After someone said, "HERE COMES THE AIR PLANE(s)," it just wasn't the same..........
"White people can't jump..."
"You must not have seen the Twin Towers on 9/11."
What did the pedestrian say after he saw the twin towers fell?
JENGA!!!!
The twin towers are like your father, they're both gone and will never come back.
The Twin Towers ordered a sesame bagel. They got the plane one instead.
Why are people from New York so bad at chess?
Because they quickly lose two towers (rooks).
My dad told me a joke one time. When I realized the joke, the second tower was hit.
You know I used to call my dogs' balls the Twin Towers, until they came rumbling down.
I got a new Lego airplane set from my friend... oddly, there were also two towers included in the box as well.
Are you the twin towers?
Because I want to crash inside of you.
Me: Bro, I don't think the Twin Towers will ever order pizza again.
Friend: Why?
Me: Because when they ordered pepperoni, all they got was plane.
Women are like towers, the man wants to bang them both.
Why are Americans so bad at Clash Royale?
They already lost 2 towers.
What is the difference between 9/11 and rickrolling?

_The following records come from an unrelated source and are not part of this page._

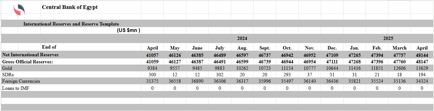 Net foreign reserves rose to USD 48.1 bn at the end of April 2025, marking a USD 387 mn increase from March, according to data from the Central Bank of Egypt. Net foreign reserves continued to increase m-o-m for the 32th consecutive month.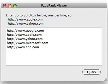 PageRank Viewer for Mac là một tiện ích hệ thống được thiết kế để hỗ trợ người dùng theo dõi và thống kê lượng truy cập của các trang web dựa trên chỉ số Google PageRank.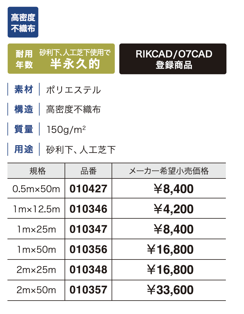 | オプション | 施工方法 砂利下や人工芝下で使用する場合 |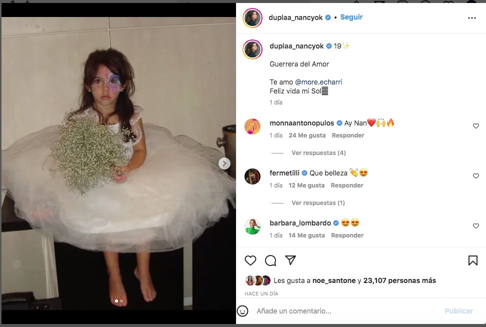“19. Guerrera del Amor. Te amo, More Echarri. Feliz vida, mi Sol”, fue la leyenda que acompañó a la foto en la que Dupláa mostró una foto de su hija cuando era pequeña y otra actual en la que se la ve muy distinta.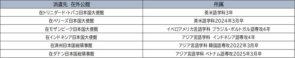 第103回外務省在外公館派遣員試験合格者 派遣先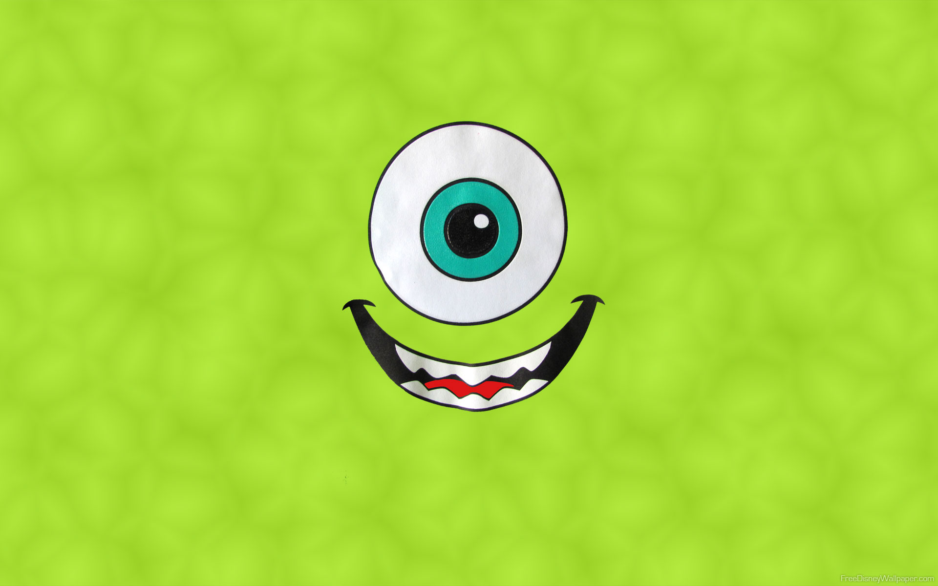 Description: A green background with a cartoon monster's eyes and a black mouth with a red tongue and a black tongue.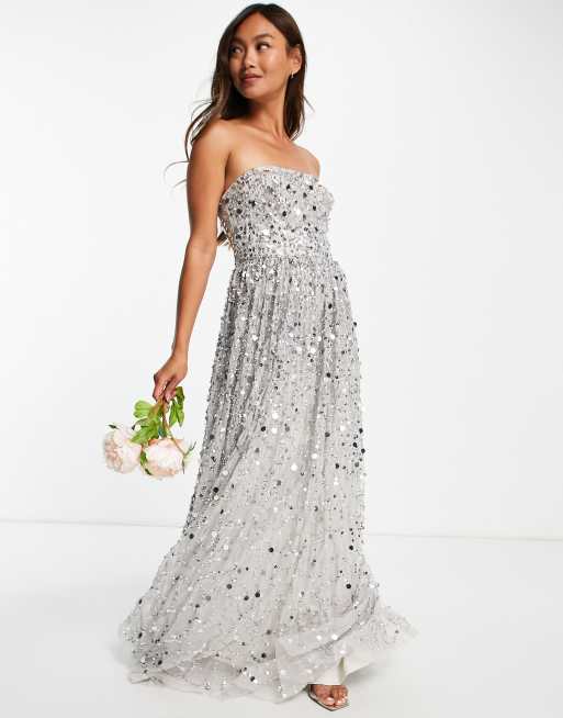 Embellished Maxi Dress in Recycled Polyester Silver Very well made.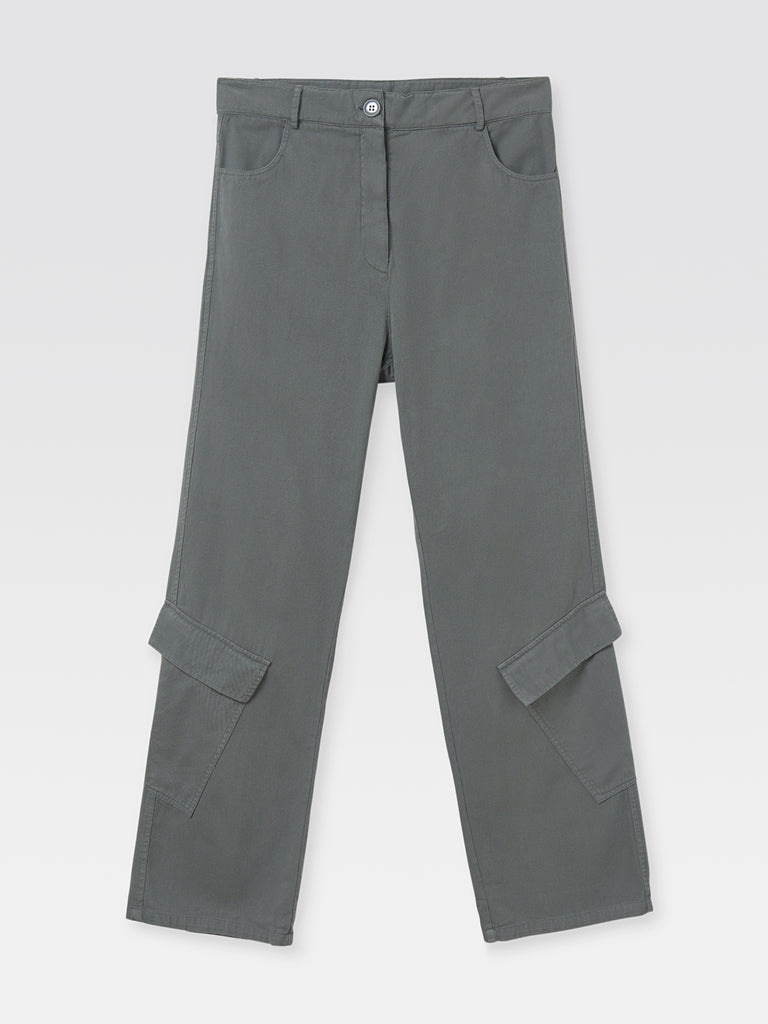 Straight-fit low-waisted grey women's pants featuring crescent pockets on the front waistband and side cargo pockets with flaps. Fastened with a tonal zipper and button.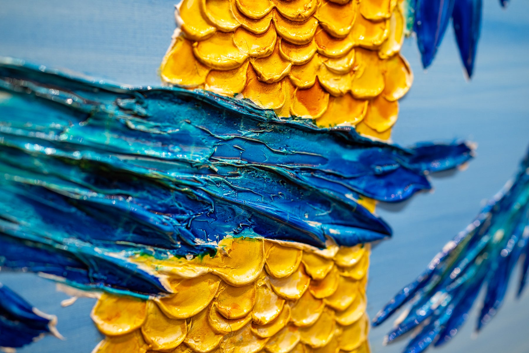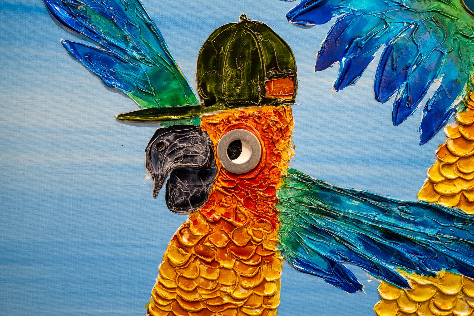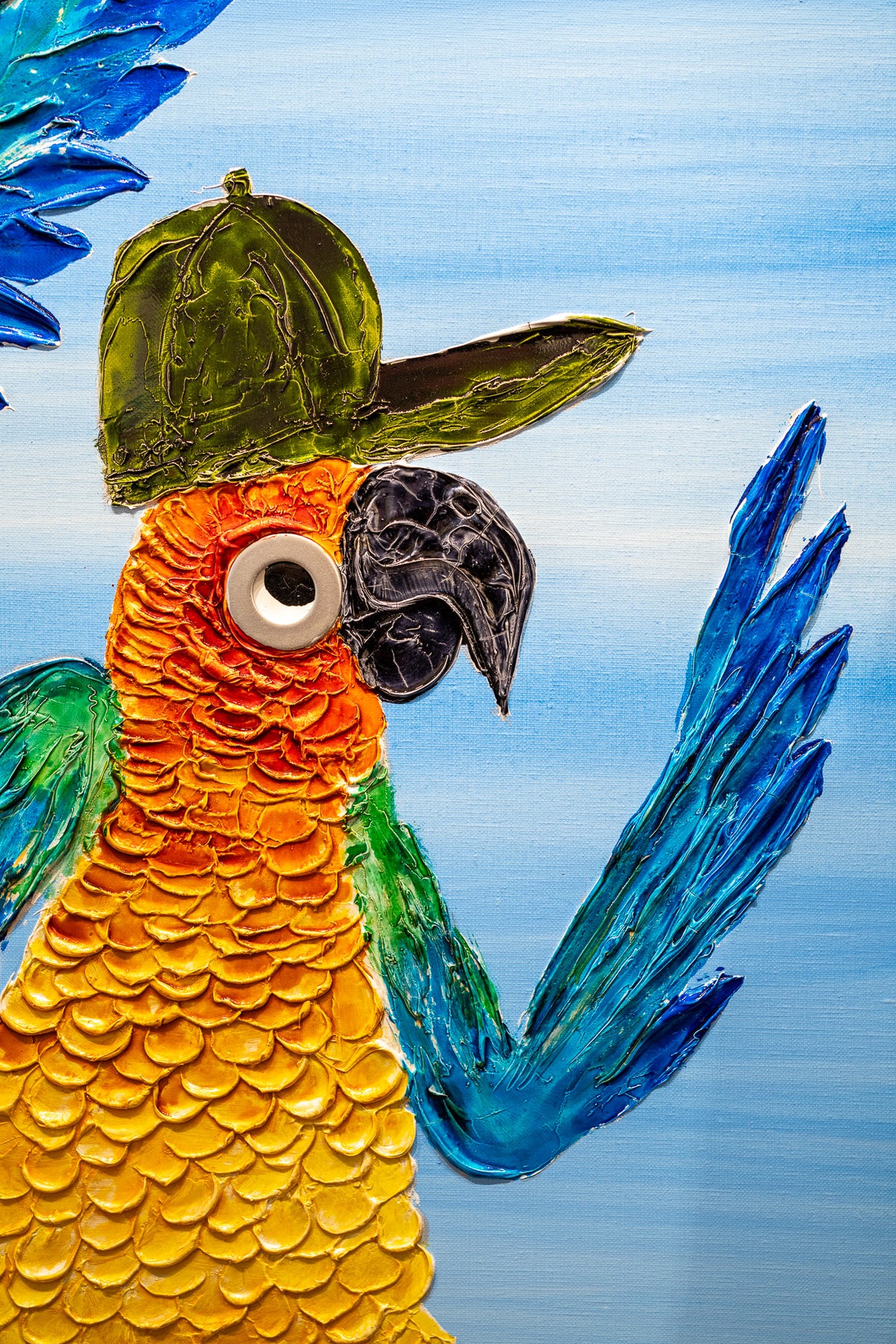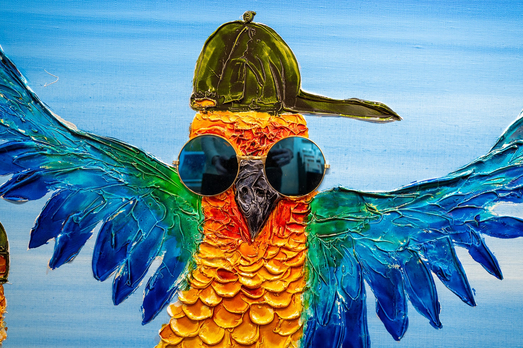 Acrylic 48" x 48" Dancers painting by Moogly. Brightly colored, fun and animated dancing parrots with hats and sunglasses on. Colors include blue, green, yellow and orange.

The Twin Towers gave up and let down.
What do you call identical tall people? Twin Towers.
Twin Towers? No plane, plane targets.
What was the Twin Towers favorite game? Jenga.
What do the Twin Towers and my ad's condom both have in common?
They both broke and everybody cried.
Two guys watching a war movie at a bar are talking. One says to the other, "The Nazis starved my dad to death in a concentration camp during the war."
The other says, "My dad died in a camp as well... he broke his neck."
First guy says, "How did he break his neck?"
Second guy says, "He fell out of the guard tower."